Let $\Omega = \Omega_1 \cup \Omega_2$, where $\{ \Omega_i \}$ represents two elements that share an interface $\Gamma = \Omega_1 \cap \Omega_2$. Assume that $u \in H^2(\Omega)$. Multiplying $\Delta u$ by a smooth test function $v \in C^\infty$, we then can integrate by parts \begin{equation} \label{eq:omega} \tag{1} \int_\Omega (\Delta u) v \, dx = -\int_\Omega \nabla u \cdot \nabla v \, dx + \int_{\partial \Omega} v \nabla u \cdot \boldsymbol{n} \, ds \end{equation} where $\Delta u$ and $\nabla u$ are interpreted in the sense of weak derivatives.

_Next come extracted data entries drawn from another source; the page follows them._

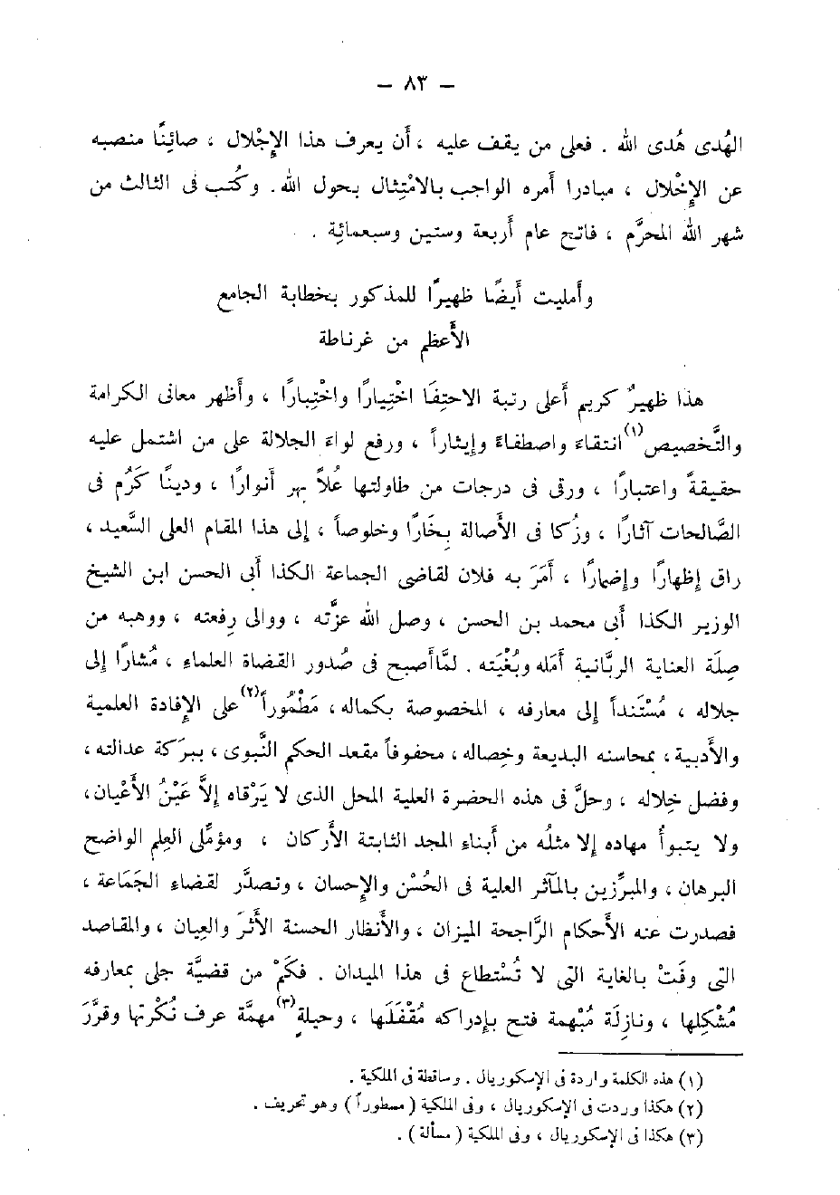 هَذَا ظهير كريم أَعلَى رُتْبَة الاحتفا اخْتِيَارا واختبارا، وَأظْهر مَعَاني الْكَرَامَة والتخصيص انتقاء واصطفاء وإيثارا، وَرفع لِوَاء الْجَلالَة على من اشْتَمَل عَلَيْهِ حَقِيقَة واعتبارا، ورقى فِي دَرَجَات من طاولتها علا بهر أنوارا، ودينا كرم فِي الصَّالِحَات آثارا، وزكا فِي الْأَصَالَة بخارا وخلوصا، إِلَى هَذَا الْمقَام الْعلي السعيد، راق إِظْهَارًا وإضمارا، أَمر بِهِ فلَان لقَاضِي الْجَمَاعَة الكذا أبي الْحسن ابْن الشَّيْخ الْوَزير الكذا أبي مُحَمَّد بن الْحسن، وصل الله عزته، ووالى رفعته، ووهبه من صلَة الْعِنَايَة الربانية أمله وبغيته. لما أصبح فِي صُدُور الْقُضَاة الْعلمَاء، مشارا إِلَى جَلَاله، مُسْتَندا إِلَى معارفه، الْمَخْصُوصَة بِكَمَالِهِ، مطمورا على الإفادة العلمية والأدبية، بمحاسنه البديعة وخصاله، محفوفا مقْعد الحكم النَّبَوِيّ، ببركة عَدَالَته، وَفضل خلاله، وَحل فِي هَذِه الحضرة الْعلية الْمحل الَّذِي لَا يرقاه إِلَّا عين الْأَعْيَان، وَلَا يتبوأ مهاده إِلَّا مثله من أَبنَاء الْمجد الثَّابِتَة الْأَركان، ومؤملي الْعلم الْوَاضِح الْبُرْهَان، والمبرزين بالمآثر الْعلية فِي الْحسن وَالْإِحْسَان، وتصدر لقَضَاء الْجَمَاعَة، فصدرت عَنهُ الْأَحْكَام الراجحة الْمِيزَان، والأنظار الْحَسَنَة الْأَثر والعيان، والمقاصد الَّتِي وفت بالغاية الَّتِي لَا تستطاع فِي هَذَا الميدان. فكم من قَضِيَّة جلى بمعارفه مشكلها، ونازلة مُبْهمَة فتح بإدراكه مقفلها، وحيلة مهمة عرف نكرتها وَقرر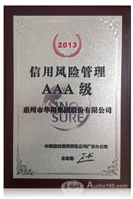 2014年4月,惠州市華陽集團股份有限公司獲評“2013年度信用風險管理AAA級稱號”。該榮譽由中國出口信用保險公司廣東分公司(以下簡稱“中國信保”)評級并頒發證書。據悉,廣東省內共223家出口企業分別獲得中國信保頒發的“AAA”“AA”“A”的信用風險管理企業稱號,其中AAA級企業僅23家。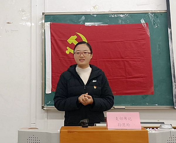 会中,支部书记孙慧玲发言中指出,支部成员应时刻牢记为人民服务宗旨,争取做“功在当代,利在千秋”的党员,并鼓励支部成员树立明确的目标,努力拼搏,丰富大学生活。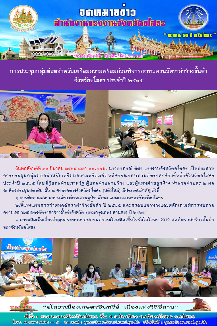 การประชุมกลุ่มย่อยสำหรับเตรียมความพร้อมก่อนพิจารณาทบทวนอัตราค่าจ้างขั้นต่ำจังหวัดยโสธร ประจำปี 2565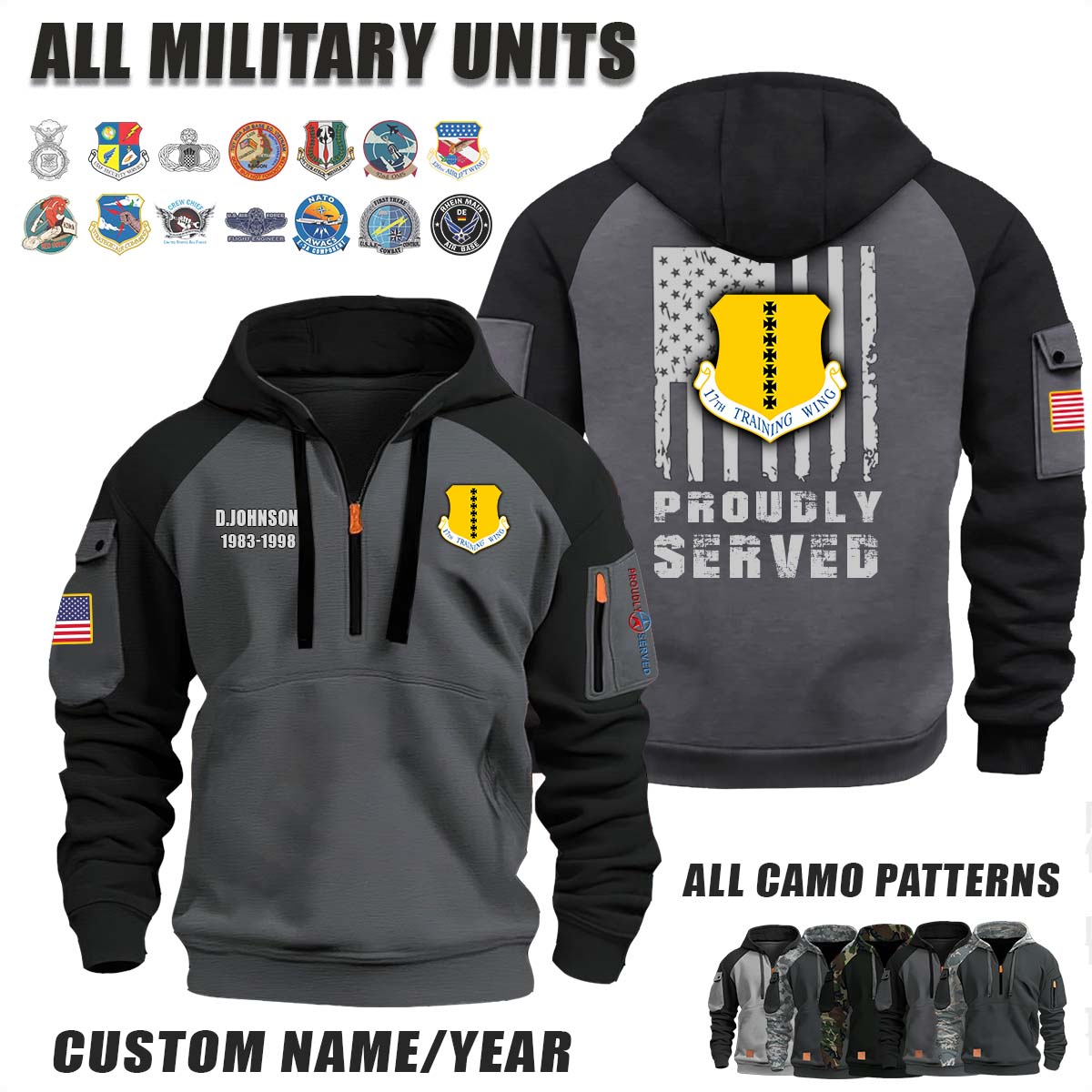 This 17th TRW Training Wing_Camo Halfzip Hoodie lets you customize your Branch, Unit, Role, Rank, and Years Served — so your service, sacrifice, and pride live on.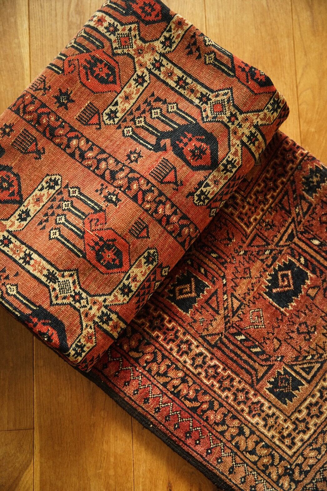 経年によって生まれた味わいや深み、ニュアンスは長い時間を経たラグの歴史です。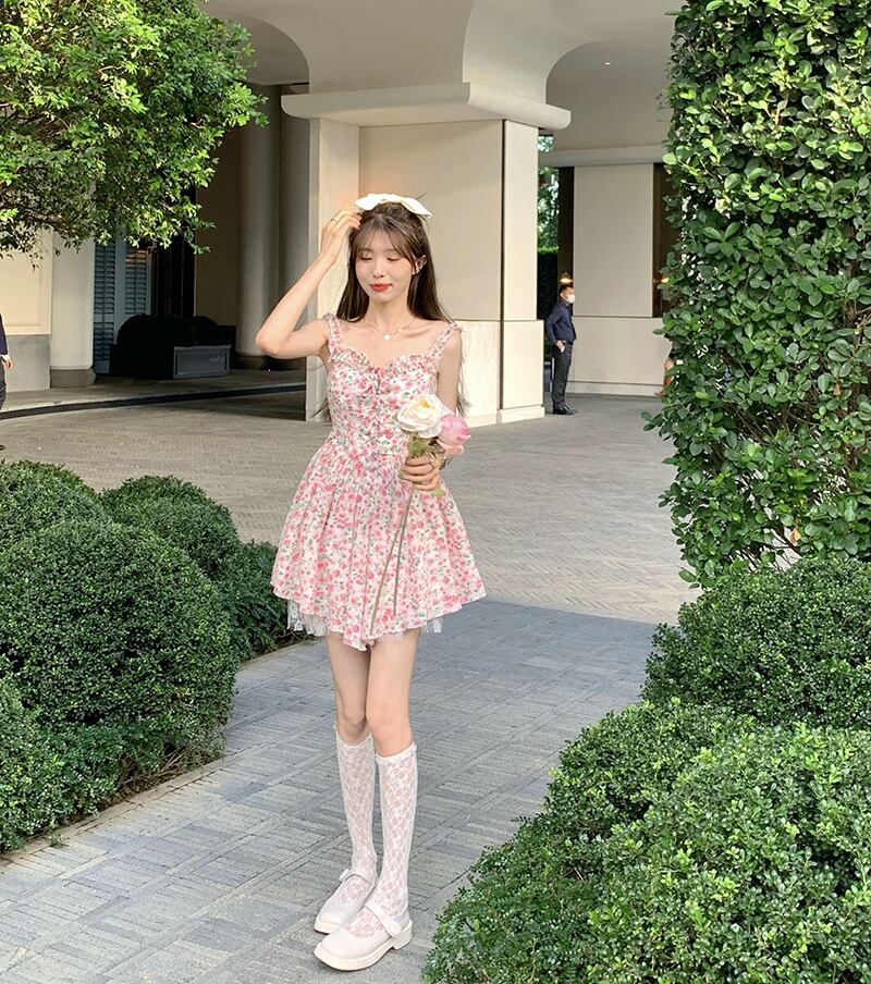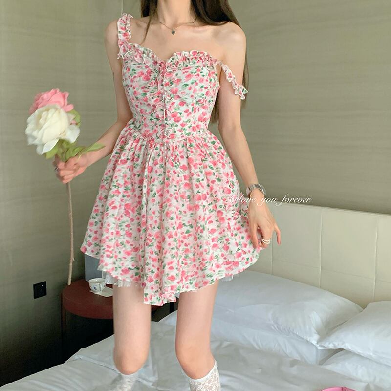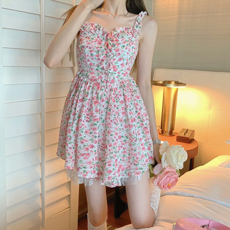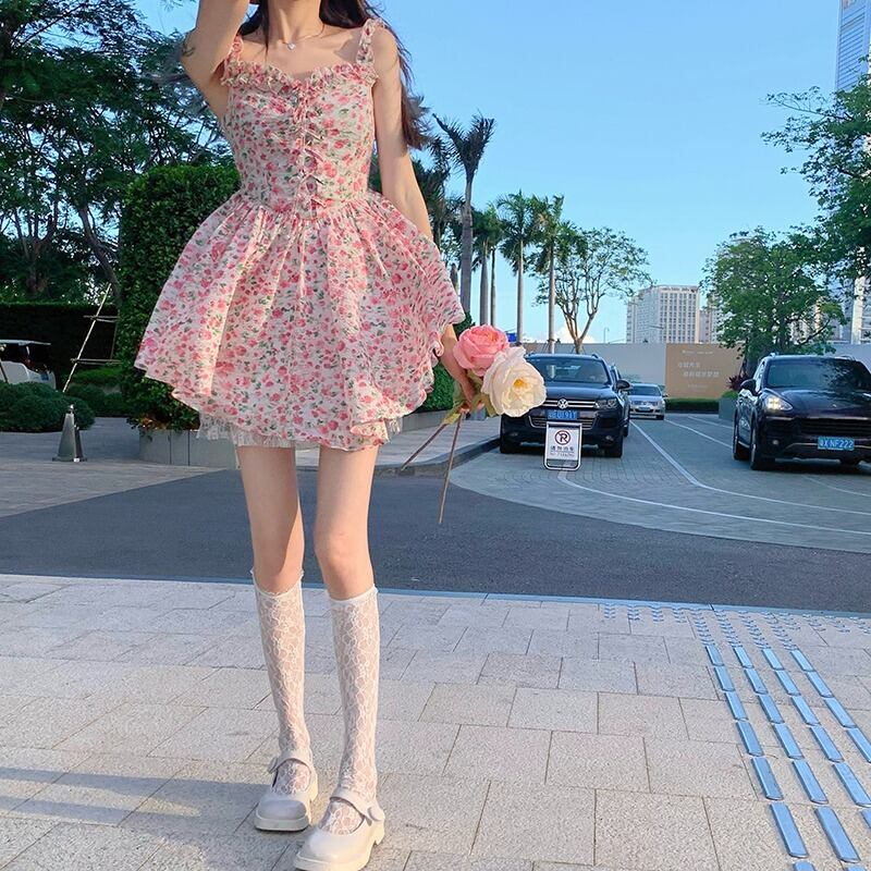 フローラルドレス ショートスカート サマー ピンク ふわふわ 夏物 花柄 YY-ファッション37414012832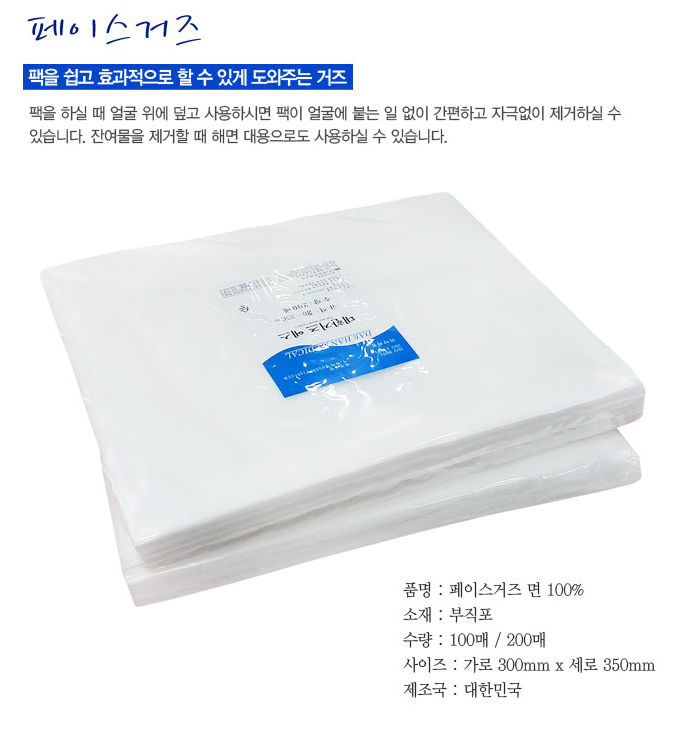 팩 거즈 (페이스 거즈/국내산/30cm*35cm)/100매

The same also holds over each element $\Omega_i$, \begin{equation} \label{eq:omega-i} \tag{2} \int_{\Omega_i} (\Delta u) v \, dx = -\int_{\Omega_i} \nabla u \cdot \nabla v \, dx + \int_{\partial \Omega_i} v \nabla u \cdot \boldsymbol n_i \, ds, \end{equation} where $\boldsymbol n_i$ is the normal vector facing outwards from $\Omega_i$. Summing \eqref{eq:omega-i} over $i=1,2$ we obtain \begin{equation} \label{eq:sum} \tag{3} \int_{\Omega} (\Delta u) v \, dx = -\int_{\Omega} \nabla u \cdot \nabla v \, dx + \int_{\partial \Omega} v \nabla u \cdot \boldsymbol{n} \, ds + \int_\Gamma v [ \nabla u ] \, ds. \end{equation} We see that in order for both \eqref{eq:omega} and \eqref{eq:sum} to hold, we must have that $\int_\Gamma v [ \nabla u ] \, ds = 0$, and since this holds for all test functions $v \in C^\infty$, we have that $[ \nabla u ] = 0$.
In the above, I am using the (fairly standard) notation that for a vector-valued quantity $\boldsymbol \varphi$, the jump is defined by $[ \boldsymbol \varphi ] = \boldsymbol \varphi_1 \cdot \boldsymbol n_1 + \boldsymbol \varphi_2 \cdot \boldsymbol n_2$, where $\boldsymbol \varphi_i$ is the trace from within $\Omega_i$.